Burrs and Bounce Houses
- Laura Boyle
- Jan 5, 2023
- 3 min read
"You're like a chestnut," I told my partner.
"What?"
"You're like a chestnut, you have these prickly burrs of rough edges and big boundary walls and 'how dare they think they can get close' and if they make it through the briar bramble it's a very thin skin and a succulent, good heart."
"Honey, are you eating human flesh again?" he glowered at me and we descended into a pile of giggles. But, as unoriginal a metaphor as it is (I know Jo in Little Women is called a prickly chestnut at least once, for many of the same reasons), some of our loveliest and most loved humans do have walls on walls of avoidant or anxious attachment, rigid boundaries, strict independence when interdependence would build intimacy, and a tendency to pretend they are hedgehogs, rather than human chestnuts. (You may recall a post where this author says some of these things about herself.)

This metaphor is pretty easily solved in nature - a chestnut ripens and the burr comes off, and then the skin is thinner and a more reasonable "boundary set" is in place to protect the nut itself. In real life it's a little more complicated, but we all work on it, relationship by relationship, hedgehog by hedgehog.

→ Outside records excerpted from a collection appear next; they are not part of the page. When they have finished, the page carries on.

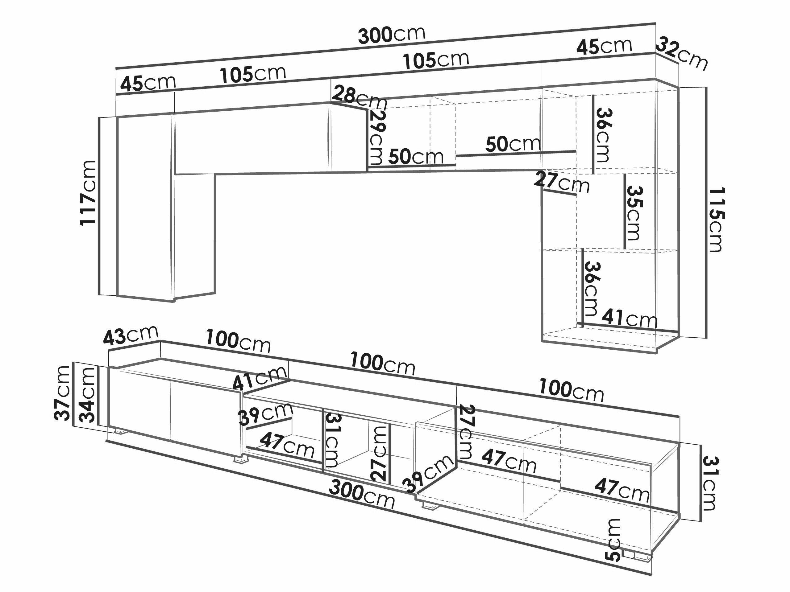 34 x 210 x 32; 117 x 45 x 32 cm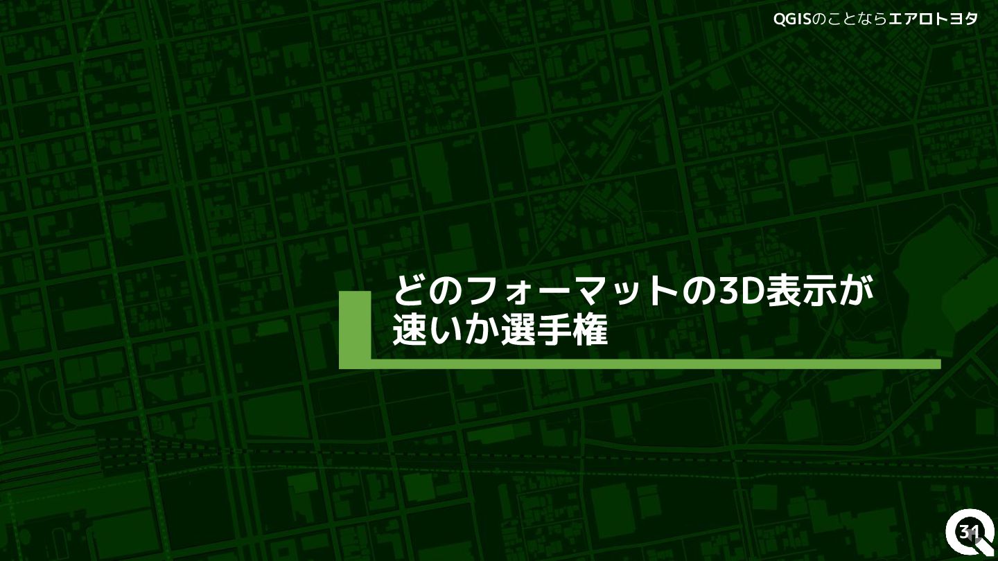31 QGISのことならエアロトヨタ どのフォーマットの3D表示が 速いか選手権
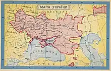 En 1922, la guerre civile russe touchait à sa fin en Extrême-Orient et les communistes proclamèrent l'Union des républiques socialistes soviétiques (URSS) comme fédération de la Russie, de l'Ukraine, de la Biélorussie et de la Transcaucasie. Le gouvernement soviétique ukrainien était presque impuissant face à un appareil monolithe centralisé du Parti communiste basé à Moscou. Dans le nouvel État, les Ukrainiens ont d'abord joui d'une position de nation titulaire pendant les périodes d'indigénisation et d'ukrainisation. Cependant, en 1928, Joseph Staline avait consolidé son pouvoir en Union soviétique. Ainsi, une campagne de répression culturelle a commencé, culminant dans les années 1930 lorsqu'une famine massive, l'Holodomor, a frappé la République, faisant plusieurs millions de morts. La partie de l'Ukraine sous contrôle polonais a connu un sort différent : il y avait très peu d'autonomie, tant sur le plan politique que culturel, mais elle n'a pas été affectée par la famine. À la fin des années 1930, les frontières intérieures de la RSS d'Ukraine ont été redessinées, mais aucun changement significatif n'a été apporté.
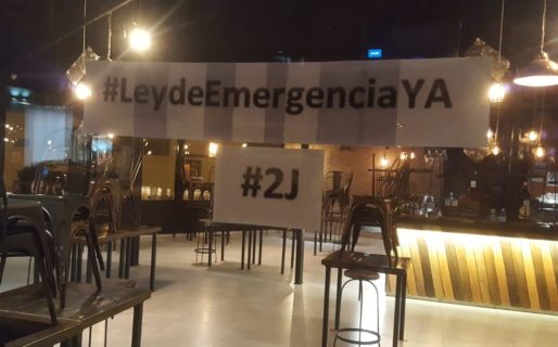 La postal se repite en diferentes locales comerciales en la parte gastronómica, con sillas por encima de las mesas y cartelería alusiva a la jornada de protesta, que solicita por una Ley de Emergencia para el sector.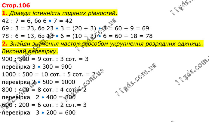 1. Доведи істинність поданих рівностей. 42 : 7 = 6, бо 6 • 7 = 42 69 : 3 = 23, бо 23 • 3 = (20 + 3) • 3 = 60 + 9 = 69 78 : 6 = 13, бо 13 • 6 = (10 + 3) • 6 = 60 + 18 = 78 2. Знайди значення часток способом укрупнення розрядних одиниць. Виконай перевірку. 900 : 300 = 9 сот. : 3 сот. = 3 перевірка 3 • 300 = 900 1000 : 500 = 10 сот. : 5 сот. = 2 перевірка 2 • 500 = 1000 800 : 400 = 8 сот. : 4 сот.= 2 перевірка 2 • 400 = 800 600 : 200 = 6 сот. : 2 сот.= 3 перевірка 3 • 200 = 600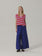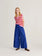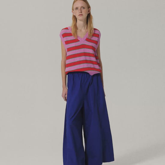 Blue pants. Designed for a relaxed fit, elasticated at the waist for a flexible fit, midi length, flared cut / evasé, non stretchy fabric and designed with pockets. Fits true to size, take your normal size. Made in Spain.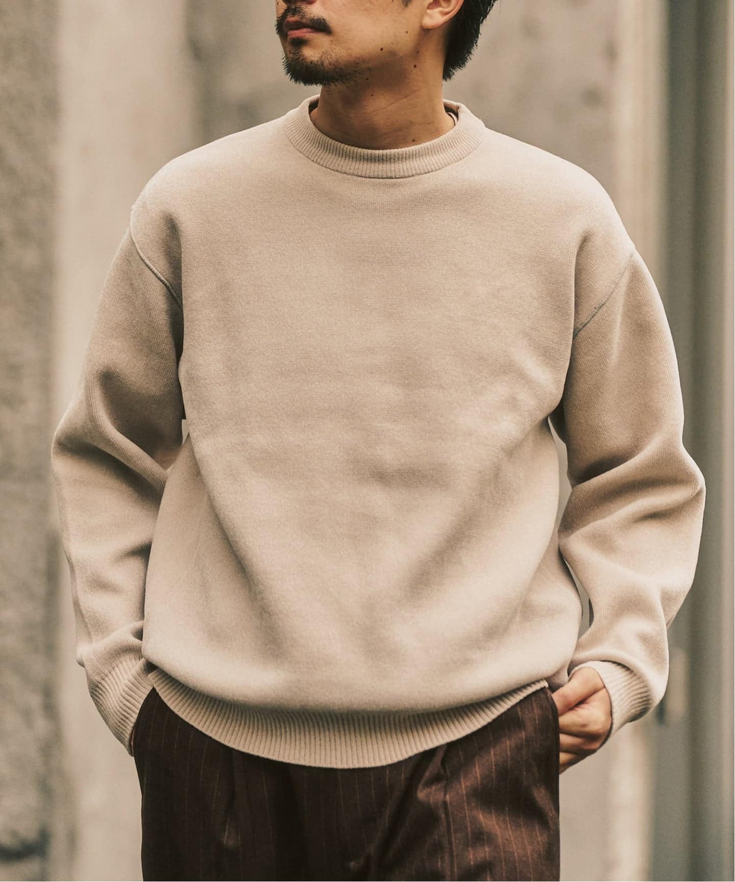 ふわりとした起毛感とクラシックな佇まいで、冬のコーデを品よく仕上げる名作ニット。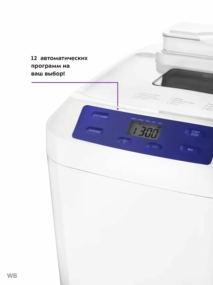 | Программы | бородинский хлеб / ржаной хлеб / сладкая выпечка / Быстрый хлеб / Выпечка / Дрожжевое тесто / Замес с изменением времени / Запекание / Итальянский хлеб / Классический хлеб / Мультиповар / Отложенный старт / Хлеб на закваске |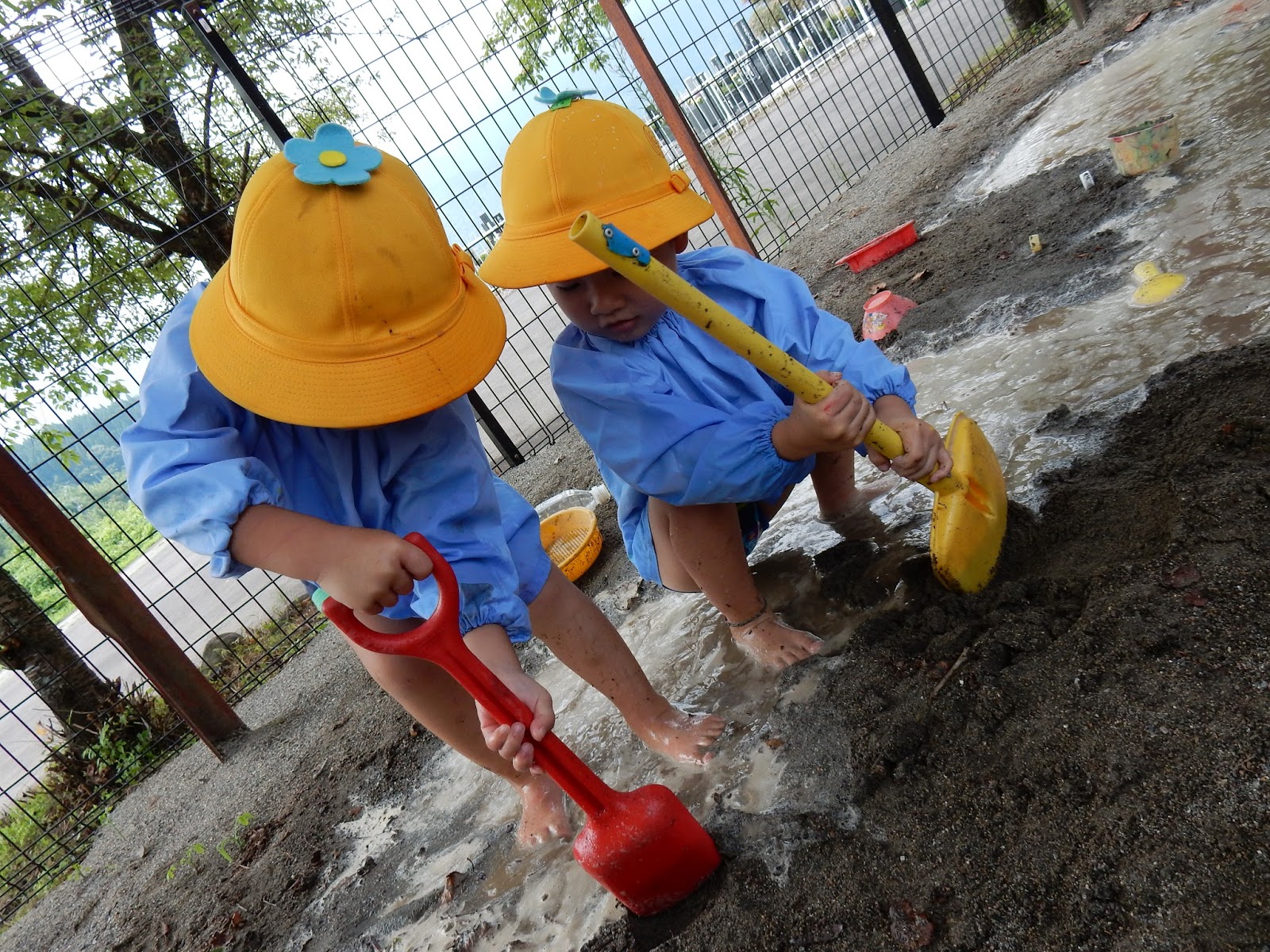 砂場では、『工事中でーす!!』とシャベルで掘ったり、足でグリグリ…穴が開いたところに水がたまっていくのを楽しんだりと、どんどん遊びが広がっていきました。

But not all failures in boundary-keeping or in where and how boundaries are in relationships are in placing too many. What about the many times where we set a boundary in words, but don't follow through on the consequences? Where there is no burr at all protecting us and we're getting knocked around? Or where we're trying so hard to let people in that we're acting like they're part of "us"? These are also boundary mis-steps we might make in interpersonal relationships.

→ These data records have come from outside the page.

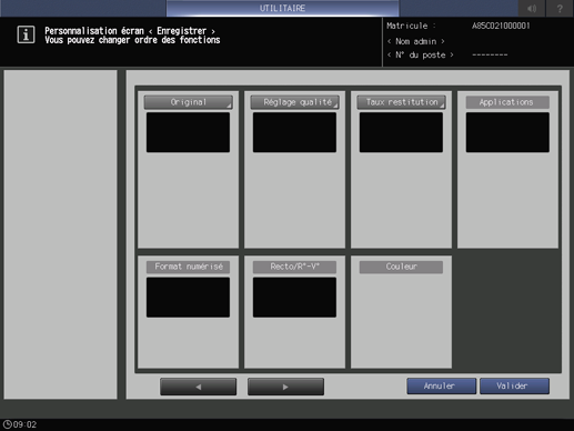 Appuyez sur l'onglet [Configuration système] de l'écran [Menu fonctions administrateur] et appuyez consécutivement sur [Personnalisation écran] et [Conf.personn.écran enr.].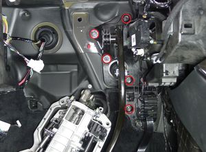 安装新的自锁螺母(5 个),将踏板总成连接到隔板。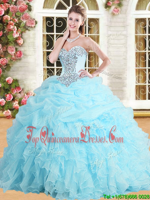 Exceptional Baby Blue Sweetheart Neckline Appliques and Ruffles and Pick Ups Quinceanera Dress Sleeveless Lace Up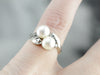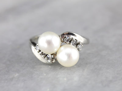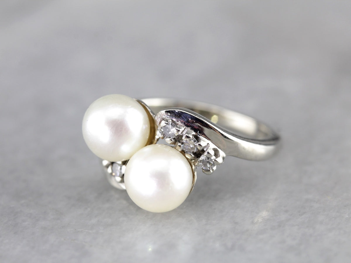 Bright white gold stretches these pearls apart, creating a little bit of space between them, and a wider profile across the finger as well. Small diamonds bring some sparkle to the centerpiece!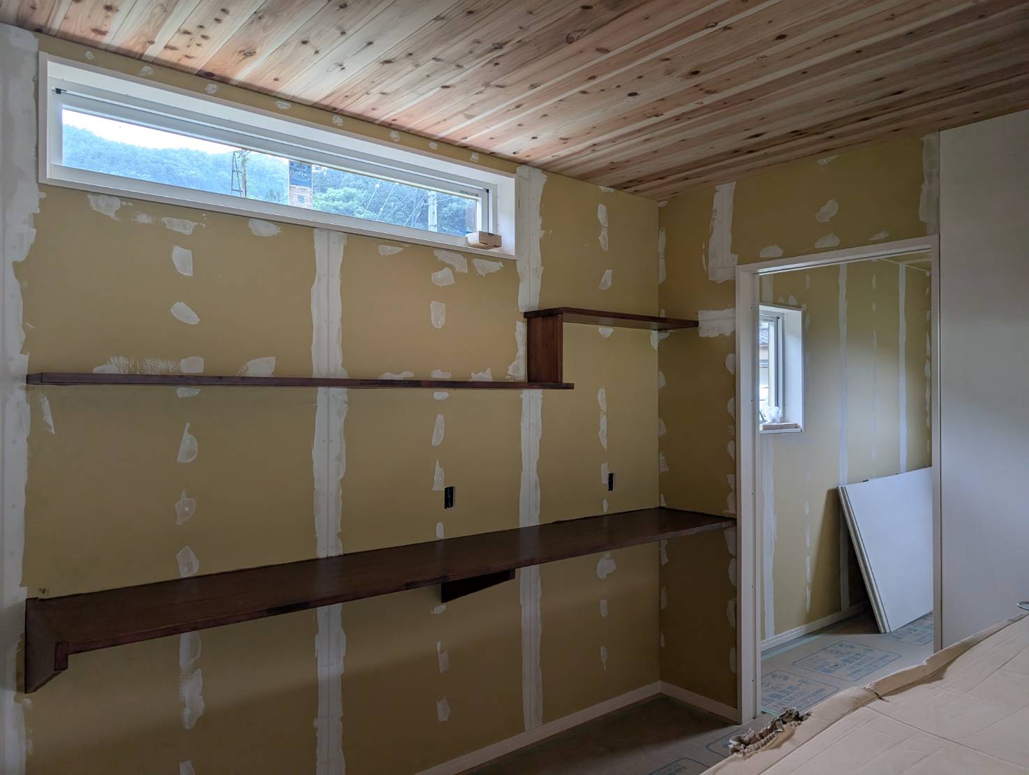庭へすぐに出ることができる大きな窓を設置しました。 内装の一部の壁は施主様ご自身で珪藻土を塗装される予定です。

The one where we let everything and everyone (all behaviors) through our boundaries is called having porous boundaries and while it can take many forms, I metaphorically like to think of it as building my boundary too big around myself, like a bounce house. I make too much "me" or "my problem" or "part of myself" for worrying purposes, including letting whole other people inside there to worry about - codependent relationships. (This is a slightly more extreme version of the metaphor than the chestnut - a bounce house does not exist in nature, and it solves itself only through exhausted collapse when there is no more air blowing into it.) At some point, we need to make the size of situation we're concerned with sustainable, or we collapse around the playing people inside. Encompassing LOTS doesn't make us "better at" boundaries - it makes us bigger at them, people pleasing, or less certain where we end and others begin, which is really what purpose our boundaries should be helping us determine.

Codependency and people-pleasing hurt the person doing the people pleasing because of the energy output, but also the person theoretically being pleased because they don't get to have an authentic relationship with you. It creates dependency in them and hurts their possibility of being a full and strong participant in relationship with you.
So, just as much as we try not to be closed off chestnuts locking our interiority away from our partners, we should try not to be bounce-houses taking all of theirs within ours.